Alauddin captured the fort in July 1301, and placed it under Ulugh Khan's charge. However, the local public hated Ulugh Khan so much, that he decided not to go beyond the suburbs of Ranthambore.

== Death ==

After his conquest of Ranthambore in 1301, Alauddin ordered Ulugh Khan to prepare for a march to the Kakatiya capital Warangal. Ulugh Khan assembled a large army, but died a few months later.

According to the 14th-century chronicler Ziauddin Barani, his death greatly depressed Alauddin, who gave a lot of money away in charity for the salvation of his soul.

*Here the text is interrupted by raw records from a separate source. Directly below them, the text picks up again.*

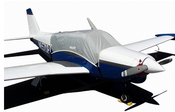
Piper Comanche Standard Canopy Cover & Engine Plugs
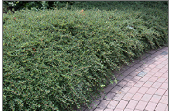
Coral Beauty Cotoneaster

Coral Beauty Cotoneaster is a multi-stemmed evergreen shrub with a shapely form and gracefully arching branches. It lends an extremely fine and delicate texture to the landscape composition which should be used to full effect.
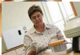
The MatCH research center in Edendale, South Africa, was established in 2007 with support from IPM. We also completed renovations that year to three other research centers in South Africa: Madibeng Centre for Research, the Prevention of HIV/AIDS Project, and the Qhakaza Mbokodo research center. All four centers have conducted IPM research studies and are now participating in our Phase III Ring Study.
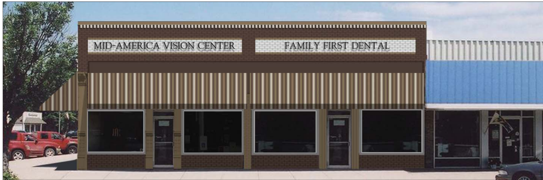
Image 12. Option 3 (South Facade): The signage consists of individual black plastic letters affixed in the recesses directly to the face brick. The font is Goudy Old Style.
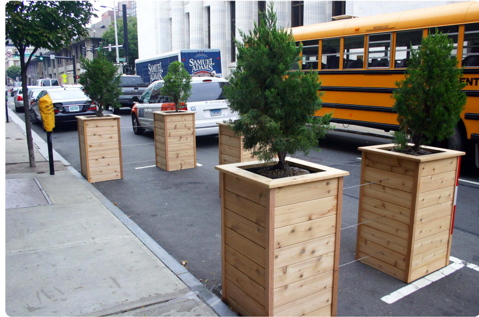
Meat & Co., Crown Street

Barriers are meant to demarcate the seating area provided for tables, chairs, and umbrellas. The bollards are a wooden design with chains or cables connecting each individual bollard to protect diners. The bollards can be rented or purchased from the Town Green District or built by the establishment, as per the standard design, with the option to be stained with one of the stain colors below.
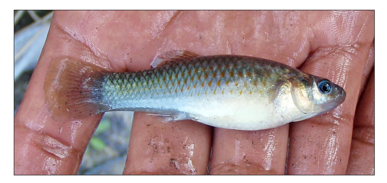
Figure 3. Our first natives (from top): Balsas Splitfin (female), Mexican Tetra, and Mexican Mollies (male and female).

young in geologic time. So, there haven't been long periods for major species radiations to occur in many areas. There are a few areas that are quite ancient, and they have higher diversity, whereas others are fairly new in geological time and thus have fewer species.
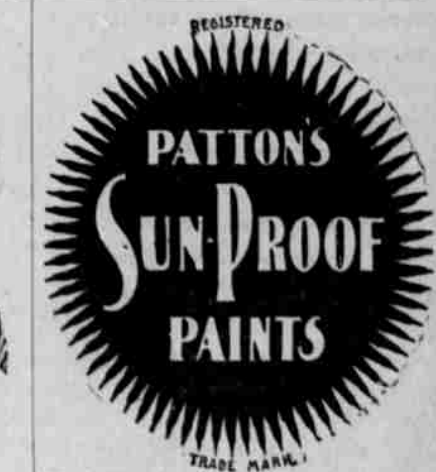
We keep a full stock of Paints, Oil and Glass and would like to give estimates of cost to our customers contemplating painting their houses.
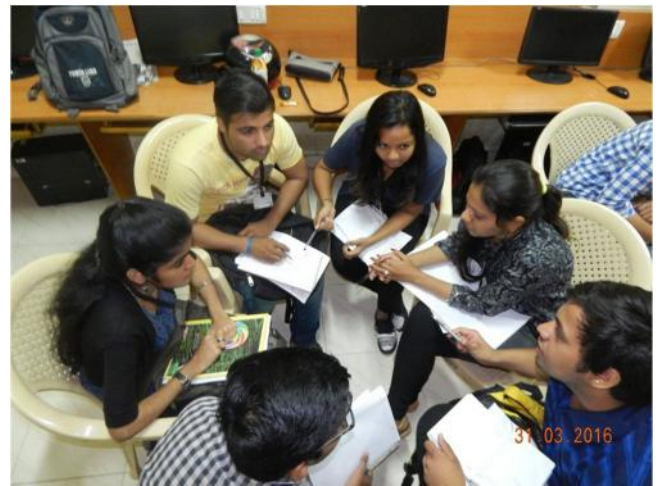
Students discussing during the CMS workshop

However, Barani's contemporary chronicler Isami claims that Alauddin had ordered Ulugh Khan's killing by poisoning. During Alauddin's march to Ranthambore, his nephew Akat Khan made an attempt to assassinate him. When Alauddin fell unconscious, Akat Khan wrongly believed him to be dead, and spread the news. According to Isami's account, a servant of Alauddin told the Sultan that on hearing this news, Ulugh Khan had remarked that he was ready to fill the vacant throne. This made Alauddin suspicious of Ulugh Khan, leading to Ulugh Khan's murder. The 16th-century chronicler Husam Khan, in his Tabaqat-i-Bahadur Shahi, also attributes Ulugh Khan's death to poisoning, a claim repeated by the later chronicler Haji-ud-dabir.

Historian Banarsi Prasad Saksena dismisses Isami's account as false. However, Kishori Saran Lal believes, without citing any evidence, that given Alauddin's temperament, it is not impossible that he had his brother killed.

In 1304, Alauddin sent another army to Gujarat, and annexed it to the Delhi Sultanate. According to Amir Khusrau's Ashiqa, which is of little historical value, Ulugh Khan led this invasion. However, this claim is of doubtful accuracy, and is not supported by other sources. Isami names the commander of the second Gujarat campaign as Malik Jhitam, not Ulugh Khan. The 16th-century historian Firishta also suggests that Ulugh Khan was already dead by this time. The 18th-century text Mirat-i-Ahmadi claims that Ulugh Khan governed Gujarat for 20 years, and was later executed as a result of a conspiracy by Malik Kafur. However, the author has obviously confused Alp Khan with Alauddin's brother Ulugh Khan.

== In popular culture ==
He was portrayed by Ashwin Dhar in Bollywood movie Padmavat which was based on poem of Malik Muhammad Jayasi written on background of Siege of Chittorgarh by Alauddin Khilji.